Racial and Ethnic Disparities Observed in NSTEMI Management – Consumer Health News

MONDAY, August 8, 2022 (HealthDay News) — From 2017 to 2019, blacks and Hispanics were less likely than whites to undergo coronary angiography and percutaneous coronary intervention for non-ST-segment elevation myocardial infarction, according to a study published in the June 21 issue of Journal of the American Heart Association.

Tarry Tertulien, MD, of the University of Pittsburgh Medical Center, and colleagues identified people with incident Type I non-ST-segment elevation myocardial infarction from 2017 to 2019. Participants were categorized by their race and ethnic origin. Rates of coronary angiography and percutaneous coronary intervention were examined by race, ethnicity and income categories.

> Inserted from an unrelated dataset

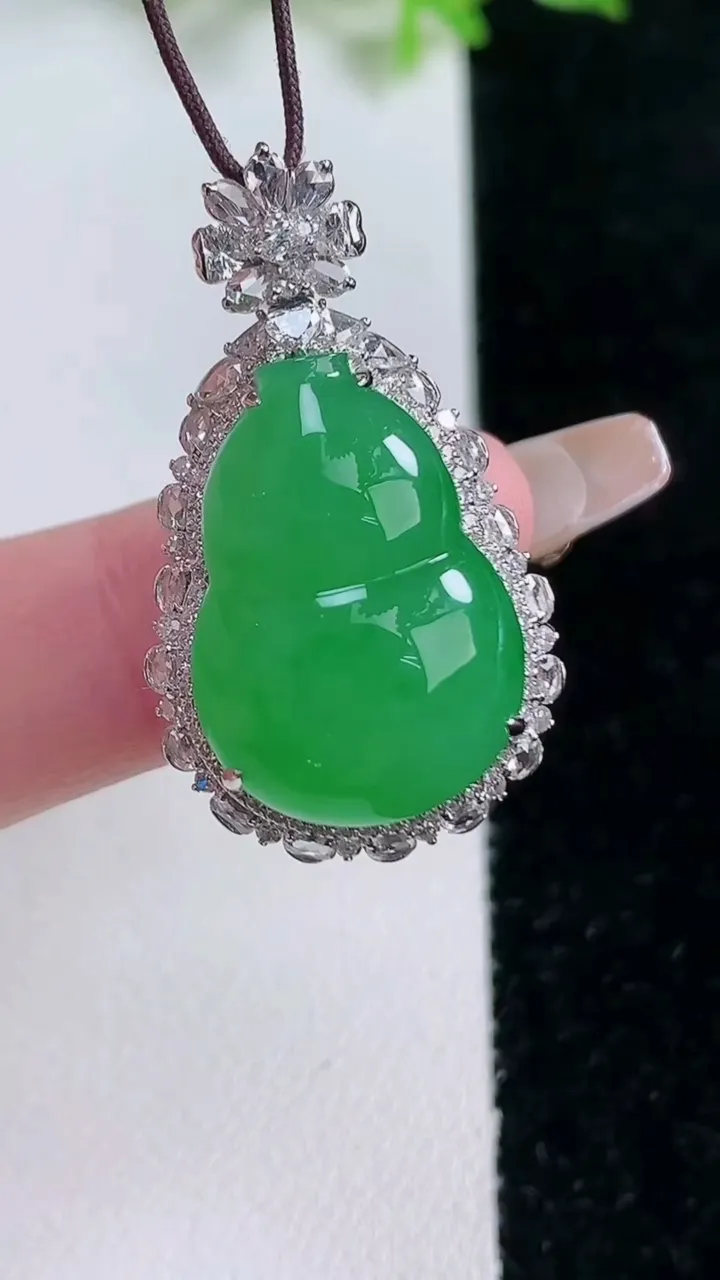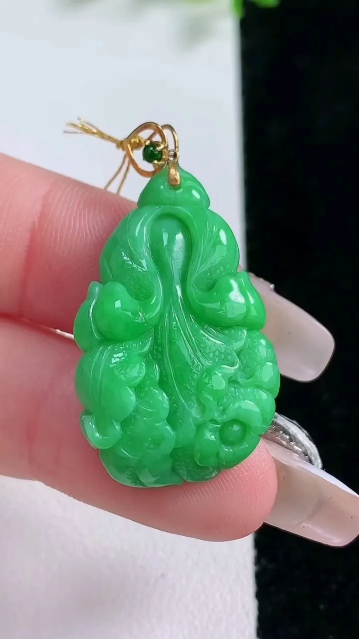 秒杀【超低价放漏】18K金镶嵌水润飘绿多子多福葡萄翡翠吊坠,寓意好,款式新颖,佩戴效果时尚出众, 尽显气质,美感十足。#1.21

A total of 87,094 people were identified: 2.6, 13.4, 11.2, and 72.7 percent Asian, Black, Hispanic, and White, respectively. The researchers found that compared to whites, black individuals were less likely to undergo coronary angiography and percutaneous coronary intervention (odds ratios, 0.93 and 0.86, respectively). Hispanic people were also less likely than white people to undergo coronary angiography and percutaneous coronary intervention (odds ratios, 0.88 and 0.85, respectively). Differences in coronary angiography receipt across racial and ethnic groups were mediated by higher annual household income.

“A presidential advisory from the American Heart Association and the Center for Disease Control’s Healthy People 2030 initiative affirmed that addressing racial disparities is a priority, but there is still work to be done regarding persistent racial and ethnic disparities. in the management of heart disease,” Tertulien said in a statement.